I bought both games and played the fuck out of the SNES version because even without all the gore, SNES’s version played better, had better graphics & sound, and didn’t make me feel like I was playing a stripped-down version of the game even though it didn’t have the elements that made the series what it is! Talk about a paradox, and thanks Tipper Gore & friends for making 15 year old me spend a hundred dollars to be not be able to play the game I wanted to. Yes, I’m still pissed about it.
The year: 1996
The place: Everywhere
The game: Too many to list
1996 was a very significant year for video games. Arcade games were waning for years while consoles and PC titles were coming on strong. Many franchises that still exist today were born in this year, such as:
Quake
Diablo
Resident Evil
Duke Nukem 3d
Tomb Raider
All successful series, except for Duke Nukem. Looking back, it seems like the modern era of gaming started around this time. And for this, I weep because nearly every big-release game since 1996 until now has been exactly the same. You can pick any of the games I listed, update their graphics and add in some achievements or some shit and have a game produced in 2012.
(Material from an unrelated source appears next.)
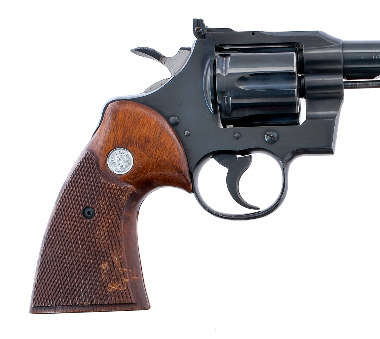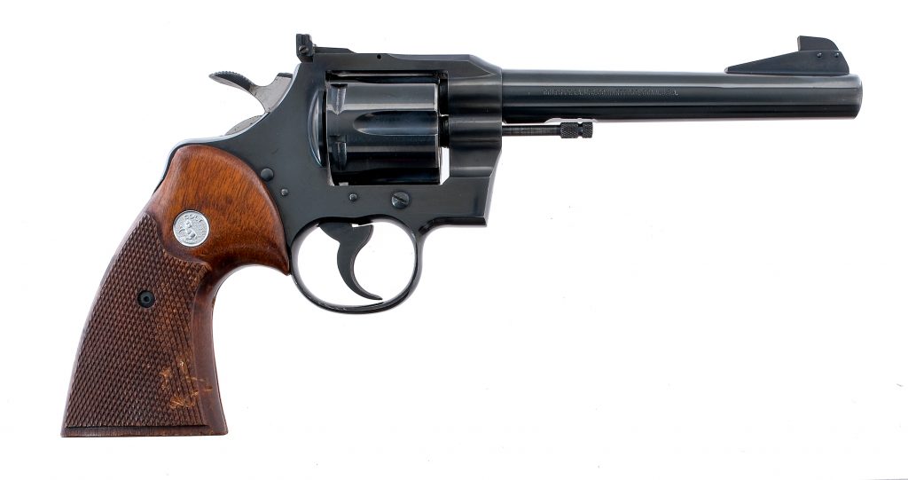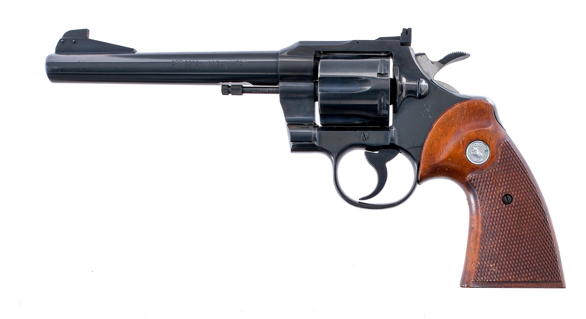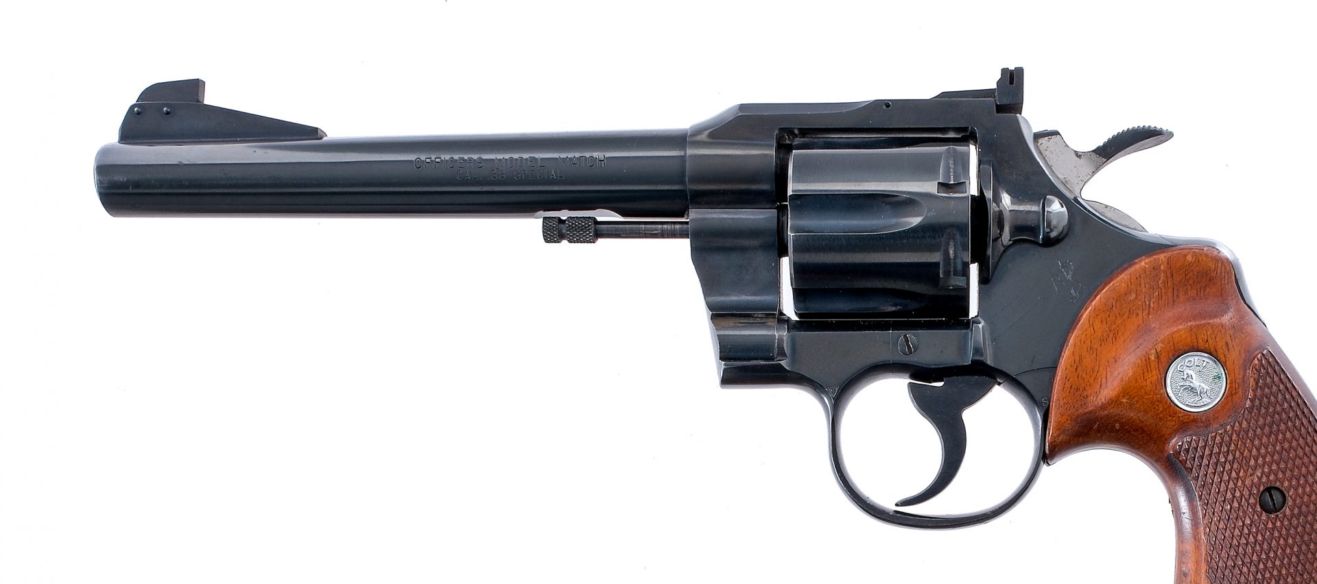 Description Colt Officers Model Match chambered in .38 special with a six-shot cylinder and a 6″ barrel. Blued barrel, frame, fluted cylinder, and controls. Double action trigger and hammer. Diamond checkered target grips with Rampant Colt medallions. Adjustable rear sight and fixed front blade. Must ship to FFL or C&R holder. Condition: Good/Very Good with some scratches, muzzle wear, and general wear from handling and operation. The grips retain most the sharp checkering with some worn spots and shows general, scratches, dings, and edge wear on the wood. Clean rifled bore. Barrel Length: 6″ Serial: 934747 Manufacturer: COLT Caliber: .38 Special Model: Officers Model Match Book# 02347
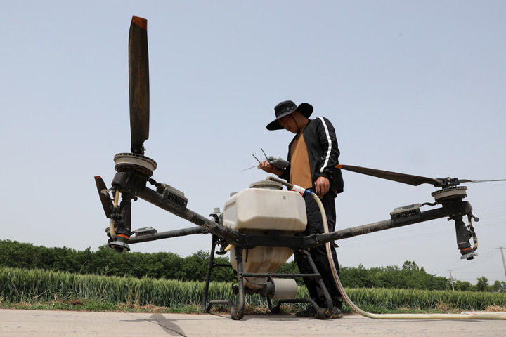2025年5月7日,在河南省焦作市溫縣祥云鎮(zhèn)古賢村,村民為植保無人機(jī)添加藥液開展“一噴三防”。新華社發(fā)(徐宏星攝)

The mainstreaming of gaming has become detrimental to the hobby, as big studios buy out the little guys (I’m looking at you Westwood Studios) and innovators are co-opted by corporate philosophies of big profits and shitty production values. If you look at the “big games” recently released, you can see that the WalMartization of gaming is complete.
Oh shit, it is August 28th. Guild Wars 2 releases today, I have to run to the store and buy my copy and hope, as I have for 25 years, that history doesn’t repeat itself.